A collection of Lonely Planet travel guides

Teknoflas.com – Tony Wheeler terkenal lewat buku seri Lonely Planet yang merupakan sebuah panduan perjalanan pada tahun 1973, di mana Wheeler memulai perjalanan dari London. Dengan mobil minivan-nya, Wheeler melewati jalur backpacker kaum hippie menuju Asia, dan akhirnya sampai di Sydney, di mana dia dan istrinya, Maureen, hanya berbekal uang 27 sen.
Setelah menjual perusahaannya,
Wheleer (66) tidak agi melakukan perjalanan dengan uang terbatas. Awal tahun ini, setidaknya Wheeler telah melakukan 22 kali penerbangan dengan maskapai bujet yang berbeda-beda. Dari London ke Australia, Wheler melakukan perjalanan selama satu bulan penuh.

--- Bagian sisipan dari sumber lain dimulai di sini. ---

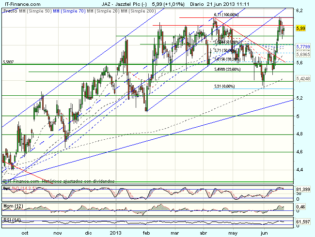 Jazztel, se encuentra bajo presión compradora en la sesión de hoy, dando continuidad al impulso alcista iniciado en los 5,87 euros y cotiza con beneficios del 0,77% en los 5,995 euros, atacando la resistencia relevante de los 6,00 euros.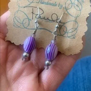 Discover the charm of 's handmade earrings, featuring stunning purple beads. A perfect accessory to enhance your style.

Itu tidak romantis, pesawat dengan kursi sempit, kemanan bandara yang membosankan, dan penundaan penerbangan, tapi saya menikmatinya,” ujar Wheeler dalam sebuah wawancara di sela-sela acara Ubud Writers and Readers Festival di Bali, pada akhir pekan kemarin, seperti dilaporkan oleh Reuters.

Tony dan Maureen memulai buku panduan Lonely Planet dari buku harian perjalanan asli mereka. Buku-buku awal kami tulis untuk diri sendiri. Dan kemudian, kami menjadi lebih tua, lebih kaya, dan memiliki anak-anak, buku-buku itu berubah bersama kami. Itu bukan kebijakan yang disengaja. Kami berubah dan buku tersebut juga berubah.” tambahnya.

Wheeler juga mengatakan kekecewannaya dengan cara perusahaan penyiaran Inggris tersebut menangani Lonely Planet, menjual waralaba tersebut ke pengusaha tembakau Brad Kelley pada 2013.

Yang kemudian dilanjutkan oleh Wheeler adalah, melakukan perjalanan dan menulis.

Ketika pertama kali Wheeler mendengar ‘poros kejahatan’ dari presiden Amerika, G. W. Bush, yang pertama terlintas di pikirannya adalah ‘saya harus pergi ke sana’.

Hasilnya adalah, sebuah buku yang berjudul Bad Lands pada 2010. Buku tersebut membawa para pembacanya ke negara-negara Iran, Irak, dan Korea Utara, serta negara lainnya yang mempunyai reputasi buruk.

Bad Lands dilanjutkan dengan buku berjudul Dark Lands. Dalam Dark Lands, Wheeler, mengunjungi negara-negara disfungsional. Kriterianya, tempat ini harus diliputi ketengangan, ada tantangan dan risiko untuk memasuki wilayah tersebut.